Task directions: The expected result is an exact copy of the lines from the one holding "#3 My 15th Century" to the last line of the material, with pictures removed and nothing added.

*** Opening Exercise input ***

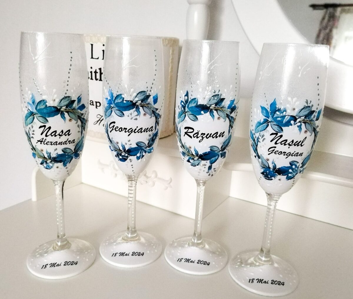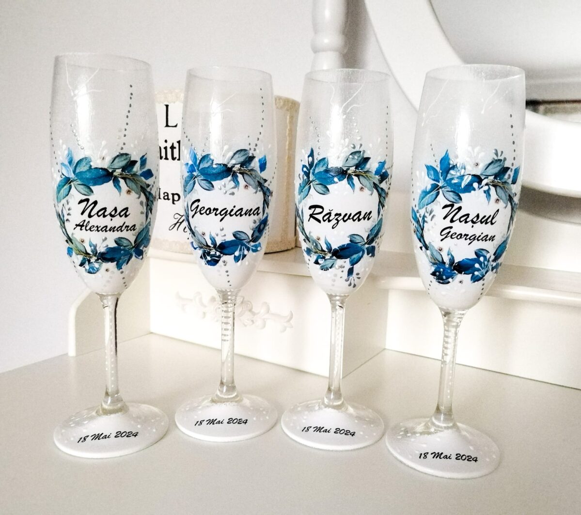 Pahare de nuntă decorate manual, rafinate și elegante, care completează masa mirilor și atmosfera ceremoniei. Ideale pentru fotografii memorabile și păstrare ca suvenir.
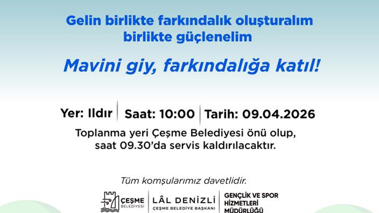 Çeşme Belediyesi, otizm konusunda toplumsal farkındalığı artırmak amacıyla etkinlik düzenlenecek. Çeşme Belediyesi Gençlik ve Spor Hizmetleri Müdürlüğü koordinasyonunda gerçekleştirilecek etkinlik 9 Nisan'da Ildır'da gerçekleştirilecek 'Otizm Farkındalık Yürüyüşü' ile sevgi, anlayış ve kabulün önemine dikkat çekilecek. Farklılıkların zenginlik olduğu anlayışıyla düzenlenen yürüyüşte, otizme yönelik toplumsal duyarlılığın artırılması ve kapsayıcı bir yaşam kültürünün güçlendirilmesi hedeflendiği belirtildi. Tüm Çeşmelilerin davetli olduğu etkinlikte katılımcıların, mavi renk giyerek farkındalık mesajını vereceği bildirildi. Yürüyüş, saat 10.00'da Ildır'da başlayacak. Katılım sağlamak isteyen vatandaşlar için Çeşme Belediyesi önünden saat 09.30'da servis kaldırılacak.
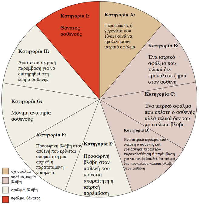 Το επίπεδο της βαρύτητας των πιθανών βλαβών κυμαίνεται από το καμία βλάβη στον ασθενή (κατηγορίες Α έως D) μέχρι την προκληθείσα προσωρινή βλάβη, μόνιμη αναπηρία ή θάνατο (κατηγορίες Ε έως I). Για πιο αναλυτική παρουσίαση, παρατίθεται το παρακάτω διάγραμμα, το οποίο αποτελεί μια διαμορφωμένη μορφή ταξινόμησης της βαρύτητας των ανεπιθύμητων περιστατικών:
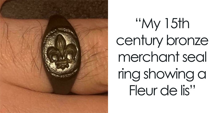 #3 My 15th Century Bronze Merchant Seal Ring Showing A Fleur De Lis
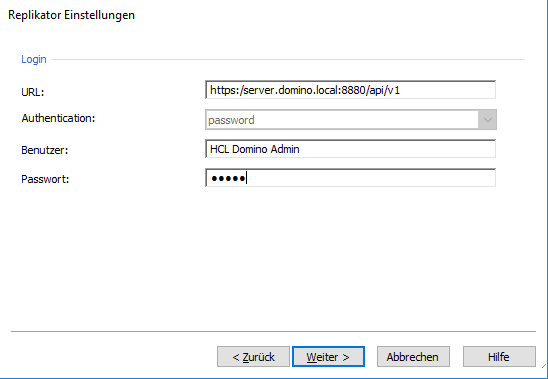 Replikator für HCL Domino - Beispielkonfiguration der REST API
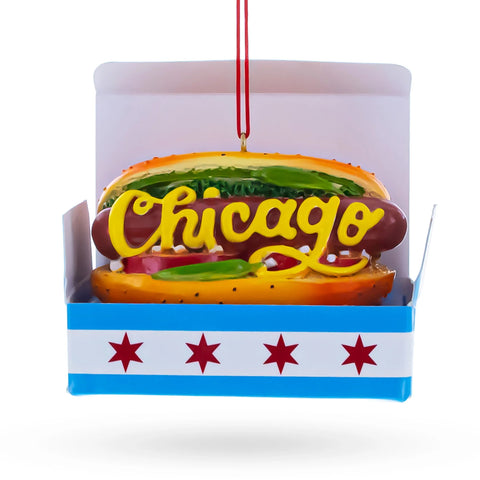 Pick up your very own Chicago-style hot dog, made from resin, designed to bring festive charm to your holiday décor.

*** Closing Exercise input ***

Result of this task:
 #3 My 15th Century Bronze Merchant Seal Ring Showing A Fleur De Lis
 Replikator für HCL Domino - Beispielkonfiguration der REST API
 Pick up your very own Chicago-style hot dog, made from resin, designed to bring festive charm to your holiday décor.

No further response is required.